____ Data for this exercise

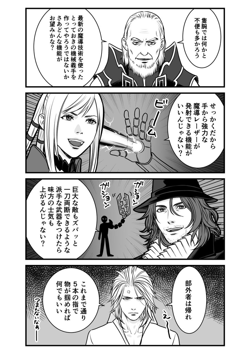 25 105 お兄様の帝国製機械義手にするにあたり、ヴァーサタイルが関わってたと予想してるけど、狂科学者に何をいじられるか怪しいしイライラMAXだったんじゃないだろうか。 22/03/20 21:23
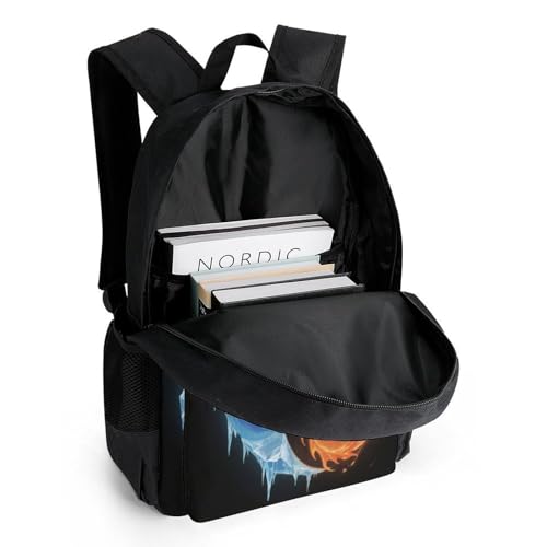 Supdreamc Men Women Polyester Ice And Fire Dragon Yin Yang Art Daypack Backpack Large Capacity Carry On Bag With Smooth Zippers for Hiking Picnic Walking Cycling 7
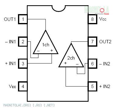 Если знаете,что такое ОУ(операционный усилитель),тогда взять в руки мультиметр и измерить, относительно средней точки вторичного источника питания, напряжения на всех ОУ(допустим 4558 имеется):
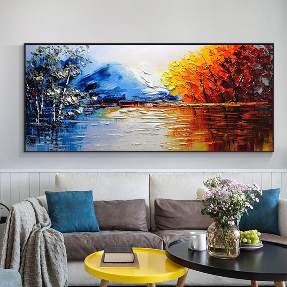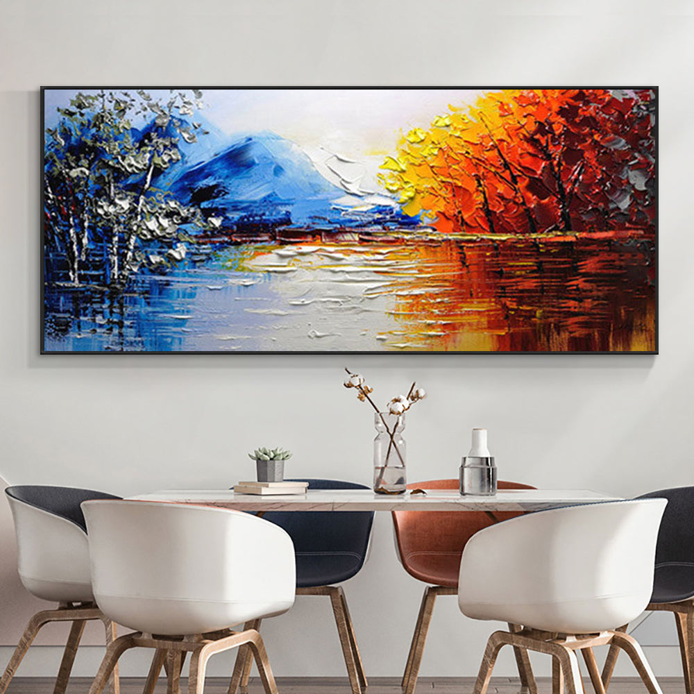 Hand painted Abstract Landscape Oil Painting Wall Art Handmade Red Tree Mountain Canvas Oil Painting,27inx54in,No Frame
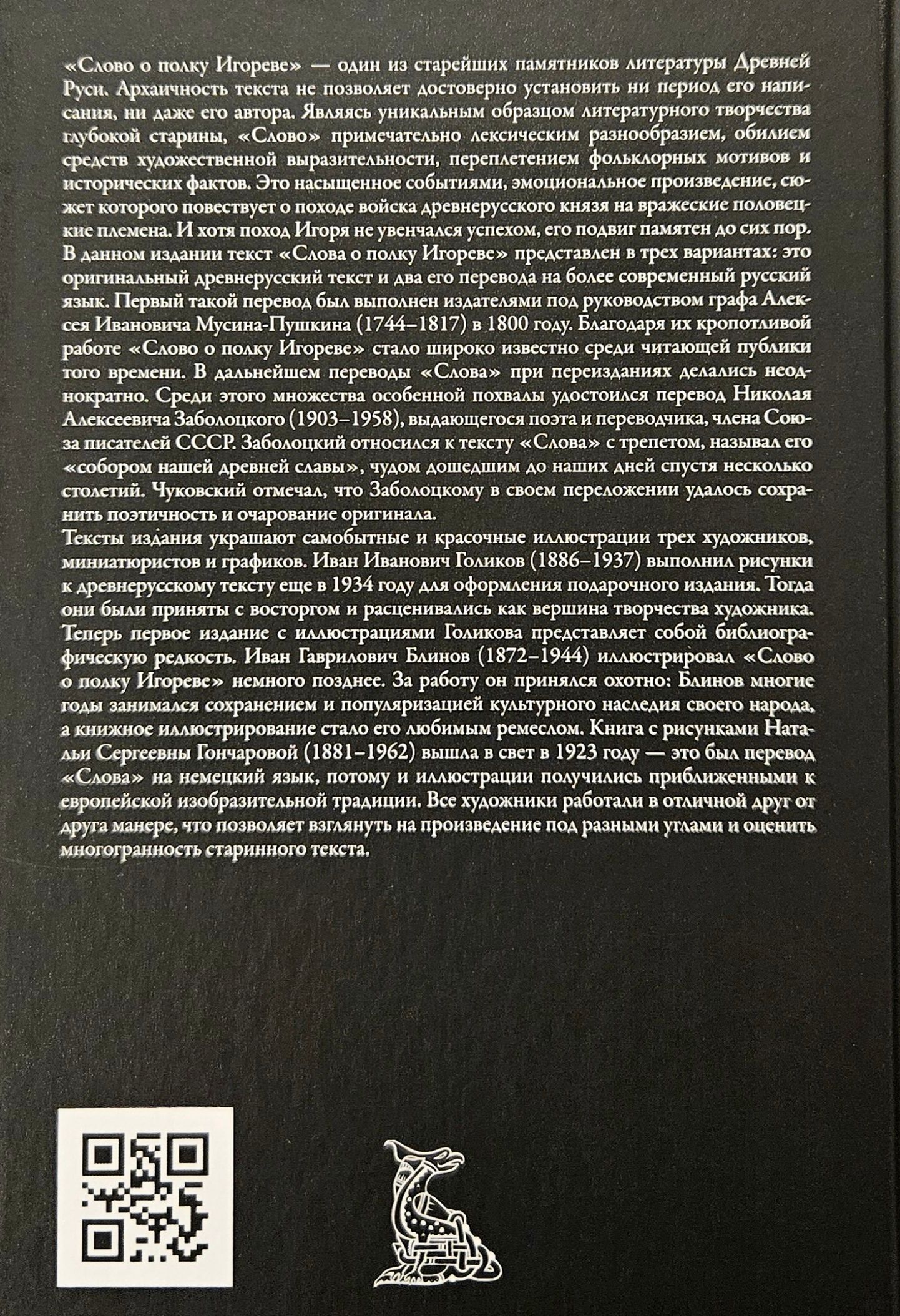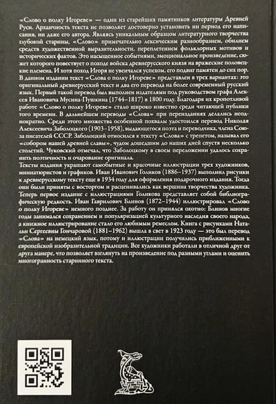Тексты издания украшают самобытные и красочные иллюстрации трех художников, миниатюристов и графиков. Иван Иванович Голиков (1886–1937) выполнил рисунки к древнерусскому тексту еще в 1934 году для оформления подарочного издания. Тогда они были приняты с восторгом и расценивались как вершина творчества художника. Теперь первое издание с иллюстрациями Голикова представляет собой библиографическую редкость. Иван Гаврилович Блинов (1872–1944) иллюстрировал «Слово о полку Игореве» немного позднее. За работу он принялся охотно: Блинов многие годы занимался сохранением и популяризацией культурного наследия своего народа, а книжное иллюстрирование стало его любимым ремеслом. Книга с рисунками Натальи Сергеевны Гончаровой (1881–1962) вышла в свет в 1923 году — это был перевод «Слова» на немецкий язык, потому и иллюстрации получились приближенными к европейской изобразительной традиции. Все художники работали в отличной друг от друга манере, что позволяет взглянуть на произведение под разными углами и оценить многогранность старинного текста.
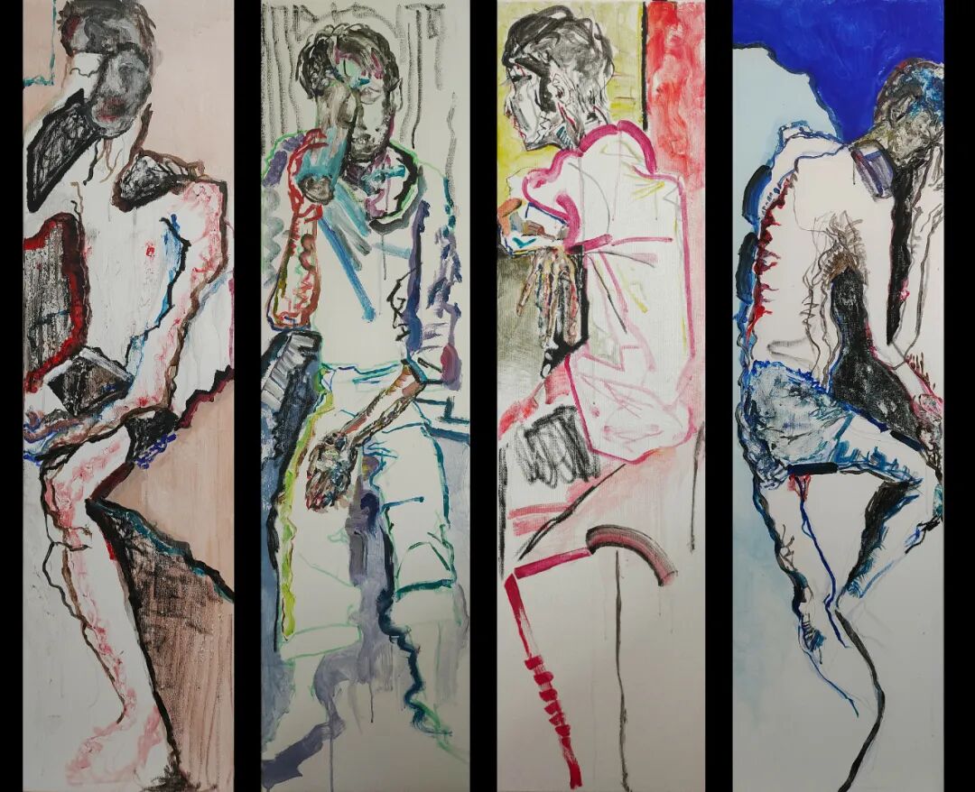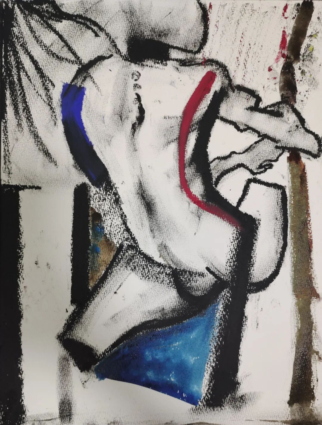 纸面丙烯、油画棒、木炭条
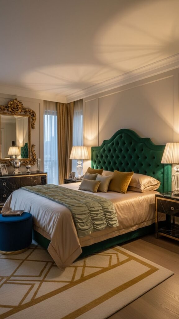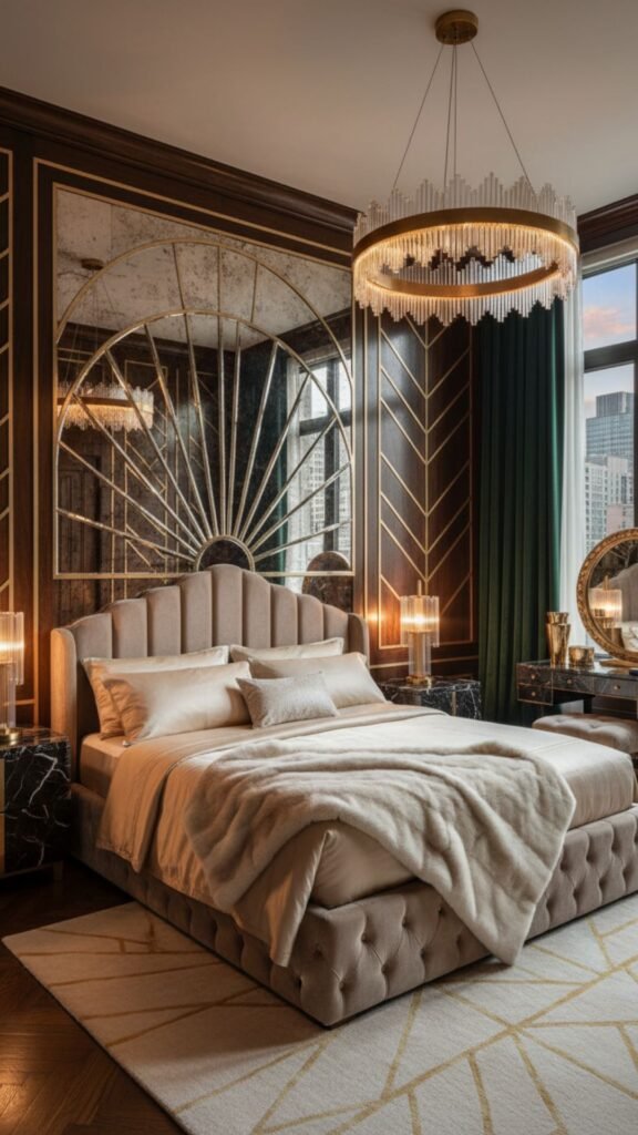 Art Deco style celebrates glamour and geometric elegance. A mirrored headboard reflects light beautifully and adds a touch of Hollywood Regency sophistication.
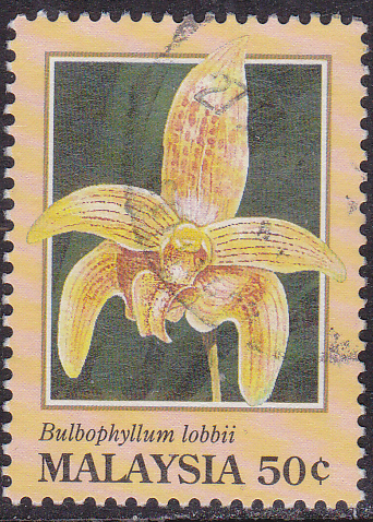 Diese Marke aus Malaysia (MiNr 515) zeigt die Blüte einer Bulbophyllum lobbii.
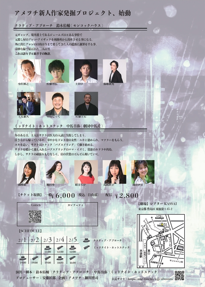 アメツチ新人作家発掘プロジェクト『ウブスナvol.1』 若手劇作家の二作品入れ替え公演 開催決定 カンフェティでチケット発売
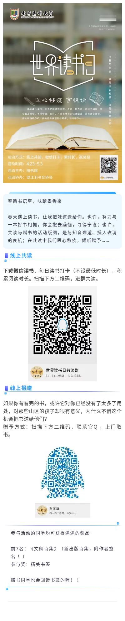 根据学校《关于2020年“五一”假期工作安排的通知》精神,按照学校疫情防控工作部署,结合图书馆工作实际,经研究决定,2020年五一节期间江宁校区图书馆继续开放。为确保安全有序,实行预约入馆、预约借还,详见“读...
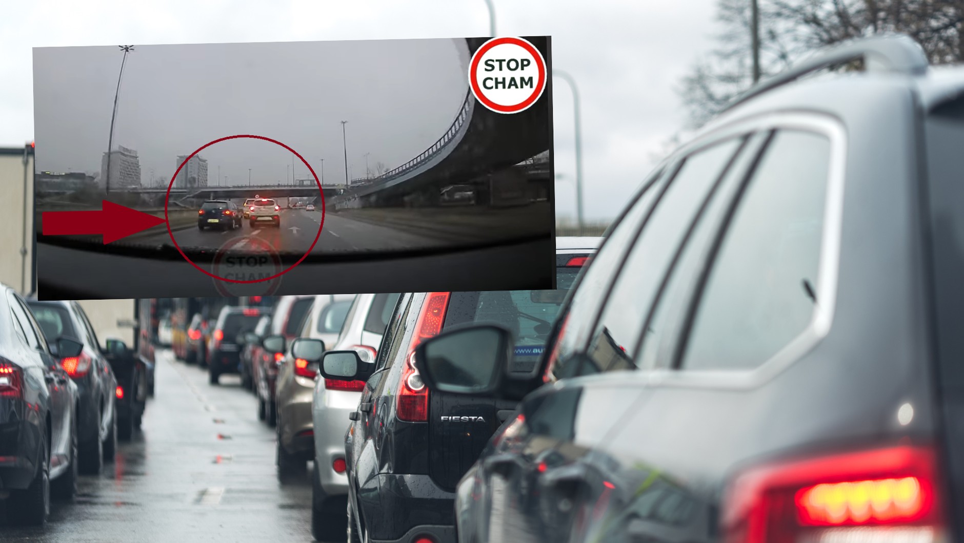 Nagranie pochodzi z ulicy Czerniakowskiej w okolicy stadionu warszawskiej Legii. Powstało na początku lutego, ale dopiero teraz trafiło do sieci. Widać na nim kierowcę volkswagena golfa, który zmienia pas w ostatniej chwili, zajeżdżając drogę innemu i tym samym wymuszając na nim pierwszeństwo. Kierujący oplem zmuszony jest gwałtownie hamować. Na tym się jednak nie kończy.
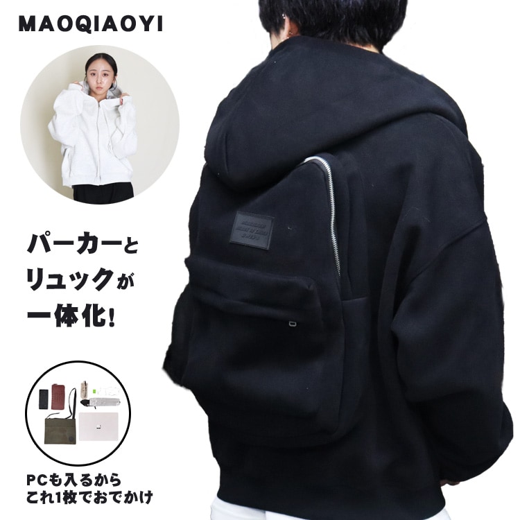 パーカー リュック フード 付き 新感覚 ホワイト ブラック メンズ オーバーサイズ ドロップショルダー Mサイズ
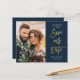 A modern, clean photo save the date announcement featuring calligraphy script save our date message.
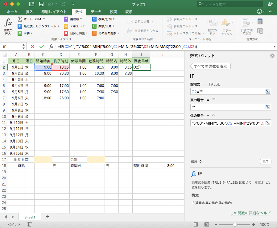 Excel 2016 for Macで 夜勤で深夜勤務時間を求めるには、日をまたぐ場合に24時間加算して計算するほうがシンプルです。ここでは、22時から29時(午前5時)までを深夜時間帯にする方法について説明します。
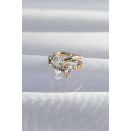 Mey İthalat® Pirinç Gold Renk Zirkon Taşlı Damla Earcuff Küpe

________

**What the task requires:** Please reproduce the entries above exactly, from their first line to the line holding "纸面丙烯、油画棒、木炭条" inclusive, and nothing else; the pictures stay out.

**Problem solution:**
 25 105 お兄様の帝国製機械義手にするにあたり、ヴァーサタイルが関わってたと予想してるけど、狂科学者に何をいじられるか怪しいしイライラMAXだったんじゃないだろうか。 22/03/20 21:23
 Supdreamc Men Women Polyester Ice And Fire Dragon Yin Yang Art Daypack Backpack Large Capacity Carry On Bag With Smooth Zippers for Hiking Picnic Walking Cycling 7
 Если знаете,что такое ОУ(операционный усилитель),тогда взять в руки мультиметр и измерить, относительно средней точки вторичного источника питания, напряжения на всех ОУ(допустим 4558 имеется):
 Hand painted Abstract Landscape Oil Painting Wall Art Handmade Red Tree Mountain Canvas Oil Painting,27inx54in,No Frame
Тексты издания украшают самобытные и красочные иллюстрации трех художников, миниатюристов и графиков. Иван Иванович Голиков (1886–1937) выполнил рисунки к древнерусскому тексту еще в 1934 году для оформления подарочного издания. Тогда они были приняты с восторгом и расценивались как вершина творчества художника. Теперь первое издание с иллюстрациями Голикова представляет собой библиографическую редкость. Иван Гаврилович Блинов (1872–1944) иллюстрировал «Слово о полку Игореве» немного позднее. За работу он принялся охотно: Блинов многие годы занимался сохранением и популяризацией культурного наследия своего народа, а книжное иллюстрирование стало его любимым ремеслом. Книга с рисунками Натальи Сергеевны Гончаровой (1881–1962) вышла в свет в 1923 году — это был перевод «Слова» на немецкий язык, потому и иллюстрации получились приближенными к европейской изобразительной традиции. Все художники работали в отличной друг от друга манере, что позволяет взглянуть на произведение под разными углами и оценить многогранность старинного текста.
 纸面丙烯、油画棒、木炭条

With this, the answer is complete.